====== Data shown ======

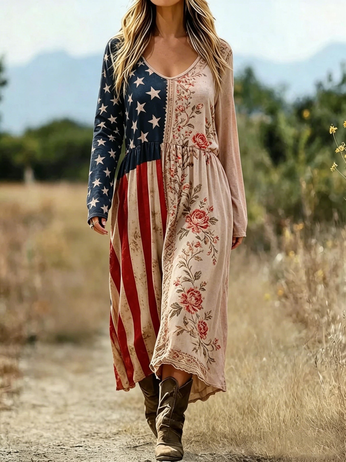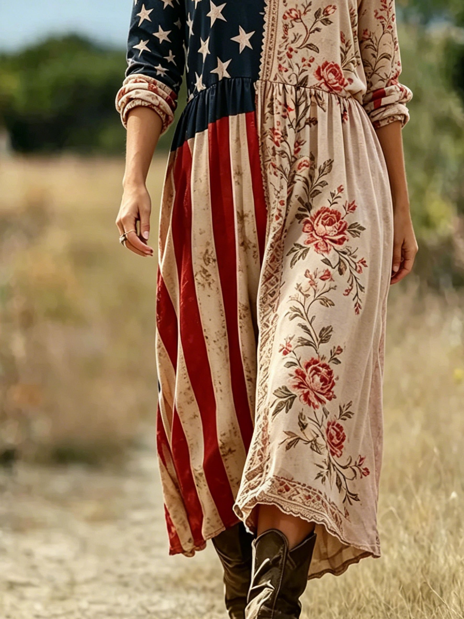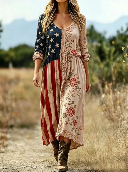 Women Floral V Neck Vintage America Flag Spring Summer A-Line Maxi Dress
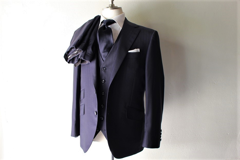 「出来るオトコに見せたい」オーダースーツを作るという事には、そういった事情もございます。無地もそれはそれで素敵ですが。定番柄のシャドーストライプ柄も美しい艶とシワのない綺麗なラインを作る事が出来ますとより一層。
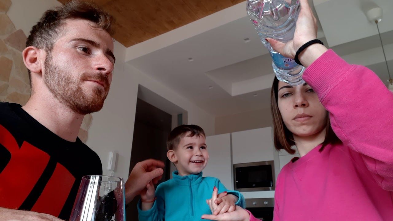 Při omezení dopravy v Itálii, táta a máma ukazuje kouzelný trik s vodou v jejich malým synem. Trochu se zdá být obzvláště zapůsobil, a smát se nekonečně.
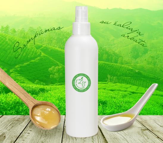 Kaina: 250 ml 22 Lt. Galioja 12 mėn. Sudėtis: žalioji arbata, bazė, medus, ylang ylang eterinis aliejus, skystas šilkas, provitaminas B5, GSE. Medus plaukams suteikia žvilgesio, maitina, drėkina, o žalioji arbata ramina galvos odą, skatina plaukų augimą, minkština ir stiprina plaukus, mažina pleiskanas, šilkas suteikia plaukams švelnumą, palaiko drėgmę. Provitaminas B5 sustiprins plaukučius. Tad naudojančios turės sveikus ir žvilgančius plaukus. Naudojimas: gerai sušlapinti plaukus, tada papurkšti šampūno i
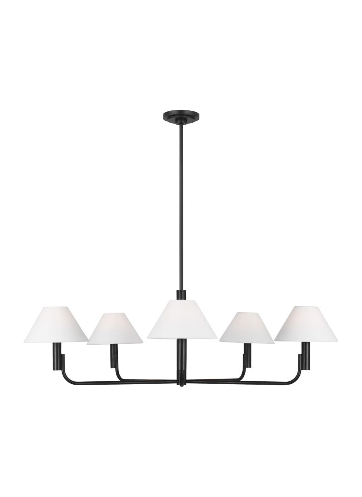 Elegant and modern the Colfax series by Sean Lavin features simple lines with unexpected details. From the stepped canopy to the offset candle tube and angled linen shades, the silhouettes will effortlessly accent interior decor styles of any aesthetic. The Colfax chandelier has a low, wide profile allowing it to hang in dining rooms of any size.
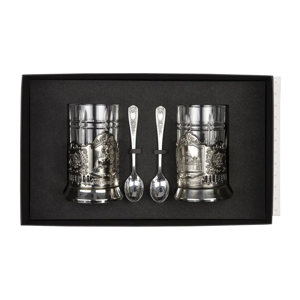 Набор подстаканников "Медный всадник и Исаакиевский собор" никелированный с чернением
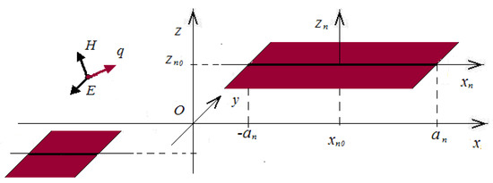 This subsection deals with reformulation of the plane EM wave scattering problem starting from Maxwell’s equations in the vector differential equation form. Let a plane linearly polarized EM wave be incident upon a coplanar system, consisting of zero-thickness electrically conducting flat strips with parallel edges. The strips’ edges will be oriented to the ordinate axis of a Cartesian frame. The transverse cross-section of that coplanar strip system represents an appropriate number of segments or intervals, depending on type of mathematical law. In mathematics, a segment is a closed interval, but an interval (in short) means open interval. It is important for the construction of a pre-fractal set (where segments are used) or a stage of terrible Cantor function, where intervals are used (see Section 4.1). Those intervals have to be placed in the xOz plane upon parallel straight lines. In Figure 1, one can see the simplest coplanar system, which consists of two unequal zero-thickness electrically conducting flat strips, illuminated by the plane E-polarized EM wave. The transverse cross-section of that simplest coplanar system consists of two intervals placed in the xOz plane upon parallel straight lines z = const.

======

Exercise aim:
With the images omitted, retype the records above exactly.

Task solution:
 Women Floral V Neck Vintage America Flag Spring Summer A-Line Maxi Dress
 「出来るオトコに見せたい」オーダースーツを作るという事には、そういった事情もございます。無地もそれはそれで素敵ですが。定番柄のシャドーストライプ柄も美しい艶とシワのない綺麗なラインを作る事が出来ますとより一層。
 Při omezení dopravy v Itálii, táta a máma ukazuje kouzelný trik s vodou v jejich malým synem. Trochu se zdá být obzvláště zapůsobil, a smát se nekonečně.
 Kaina: 250 ml 22 Lt. Galioja 12 mėn. Sudėtis: žalioji arbata, bazė, medus, ylang ylang eterinis aliejus, skystas šilkas, provitaminas B5, GSE. Medus plaukams suteikia žvilgesio, maitina, drėkina, o žalioji arbata ramina galvos odą, skatina plaukų augimą, minkština ir stiprina plaukus, mažina pleiskanas, šilkas suteikia plaukams švelnumą, palaiko drėgmę. Provitaminas B5 sustiprins plaukučius. Tad naudojančios turės sveikus ir žvilgančius plaukus. Naudojimas: gerai sušlapinti plaukus, tada papurkšti šampūno i
 Elegant and modern the Colfax series by Sean Lavin features simple lines with unexpected details. From the stepped canopy to the offset candle tube and angled linen shades, the silhouettes will effortlessly accent interior decor styles of any aesthetic. The Colfax chandelier has a low, wide profile allowing it to hang in dining rooms of any size.
 Набор подстаканников "Медный всадник и Исаакиевский собор" никелированный с чернением
 This subsection deals with reformulation of the plane EM wave scattering problem starting from Maxwell’s equations in the vector differential equation form. Let a plane linearly polarized EM wave be incident upon a coplanar system, consisting of zero-thickness electrically conducting flat strips with parallel edges. The strips’ edges will be oriented to the ordinate axis of a Cartesian frame. The transverse cross-section of that coplanar strip system represents an appropriate number of segments or intervals, depending on type of mathematical law. In mathematics, a segment is a closed interval, but an interval (in short) means open interval. It is important for the construction of a pre-fractal set (where segments are used) or a stage of terrible Cantor function, where intervals are used (see Section 4.1). Those intervals have to be placed in the xOz plane upon parallel straight lines. In Figure 1, one can see the simplest coplanar system, which consists of two unequal zero-thickness electrically conducting flat strips, illuminated by the plane E-polarized EM wave. The transverse cross-section of that simplest coplanar system consists of two intervals placed in the xOz plane upon parallel straight lines z = const.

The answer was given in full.